March 2009 – Both the DJI and the DJT made new lows. It is not often that both the DJI and the DJT confirm each other at what turned out to be a significant low.
July to October 2007 – The DJT made its high in July 2007. When the DJI made its final high in October 2007 the DJT was already sharply lower.
October 2002 to March 2003 – Both the DJI and the DJT made new lows together in October 2002. In March 2003 the DJT fell to new lows while the DJI made a higher low. That low turned out to be the final low before the bull market that topped in 2007 got underway.
May 1999 to January 2000 – The DJT made a high in May 1999. Over the next several months the DJT was trending lower. The DJI also made a high in May 1999 then continued to new highs in July and August 1999. Following a period where the markets were generally down the DJI moved to another new high in January 2000. That turned out to be the final high for the DJI as the markets collapsed into the 2000-2002 high tech/internet collapse. The DJI made a lower high in March 2000 while the S&P 500 and the NASDAQ were both making new highs.
April 1998 to July 1998 – The DJT made a high in April 1998. The DJI made a higher high in July 1998 while the DJT was making a lower high.
November/December 1994 – Both the DJI and the DJT made important lows in late November 1994. In December 1994, the DJT plunged to new lows while the DJI made a higher low. That low proved to be an important low prior to the big bull market of 1995-2000.
1990 – The DJI and the DJT both made highs in June 1990 but one month later the DJI made new highs while the DJT was not even close. That proved to be the top prior to a sharp drop in 1990. The DJI made its final low in October 1990. Over the next two months, the DJI started to move higher but the DJT kept testing the October low. Nonetheless, it proved to the final low before the 1990’s bull market got underway.

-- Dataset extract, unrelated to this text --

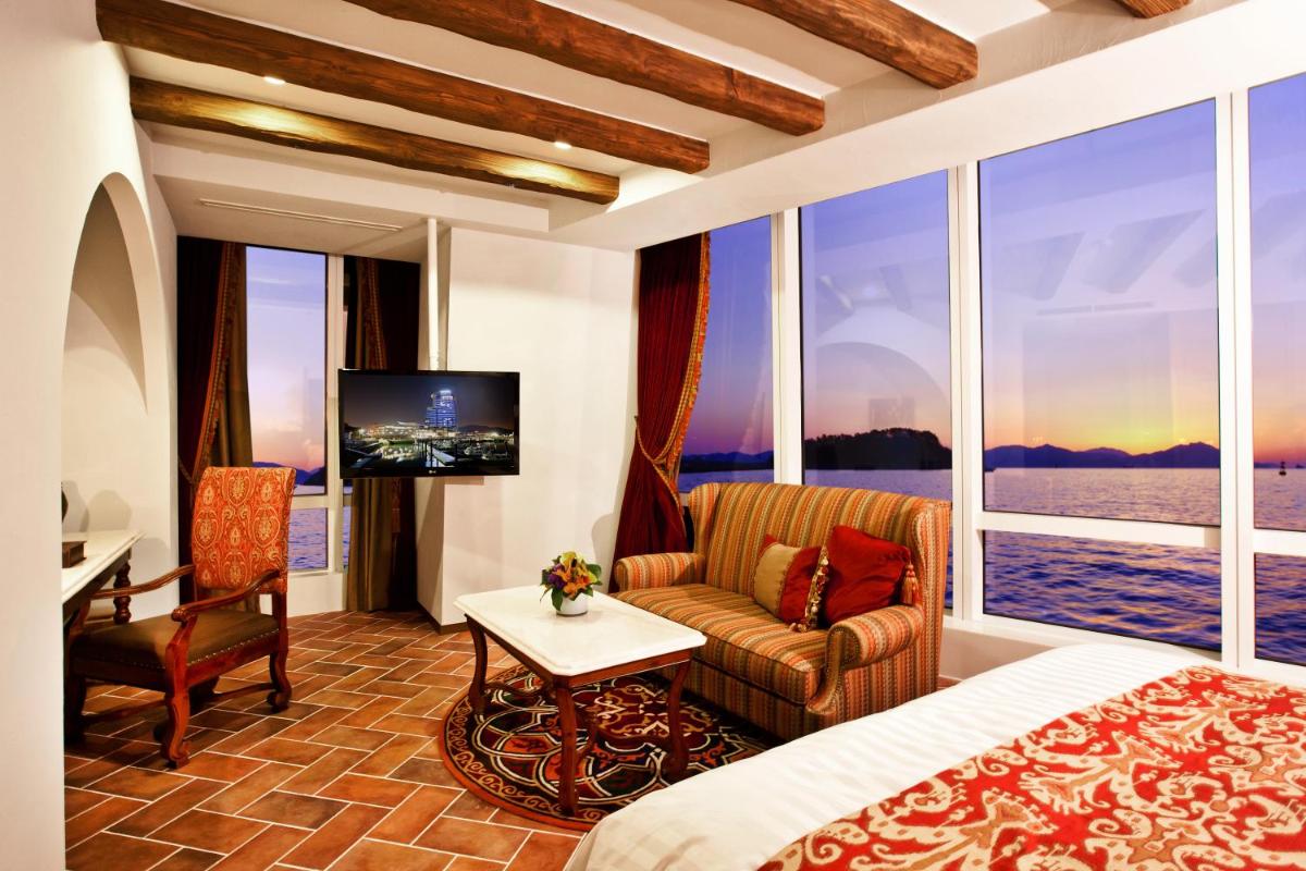 Experience breathtaking sea views from the comfort of your room with floor-to-ceiling windows. Each room is equipped with modern amenities including a flat-screen TV, minibar, and a work desk for your convenience.

The current divergence between the DJI and the DJT is one of the most pronounced seen over the past fifteen years. These type of divergences normally only take place at important tops and bottoms. The advance that has been seen over the past year has been constructed mostly by the companies in the indices buying back their own stock. In many instances, the purchases have been financed by issuing new debt. Goldman Sachs had noted in late 2014 that buybacks constituted one of the largest sources of US equity demand over the past few years.
Buying back one’s own stock is a non-constructive activity. And while it helps push up the value of the stock, it has little if any economic value. Rising stock values can translate into increased compensation for management of the companies. It is estimated by some that buy-backs could hit as high as $450 billion in 2015. Previous highs in share buy-backs were seen leading into both the 2000 market high and the 2007 market high.
Over the past year numerous indicators have been deteriorating. Sentiment indicators remain at or near record highs. An interesting indicator is the McClellan Oscillator. The McClellan Oscillator is an oscillator that takes the differential between two exponential moving averages of daily market breadth. A rising oscillator is an indication of money flowing in…while a falling oscillator is more indicative of money flowing out. Extreme readings are an indication of overbought or oversold conditions. Values below zero are an indication that money is leaving the market. The McClellan Oscillator turned negative on May 22, 2015 even as the market continued higher in price.
Warning signs have been creeping into the market for months even as it moves higher. Continued divergences between the indices are a sign that something is brewing. In the past these divergences signalled market collapses of between 20% to 55%. This is a brew that may not be palatable to many investors.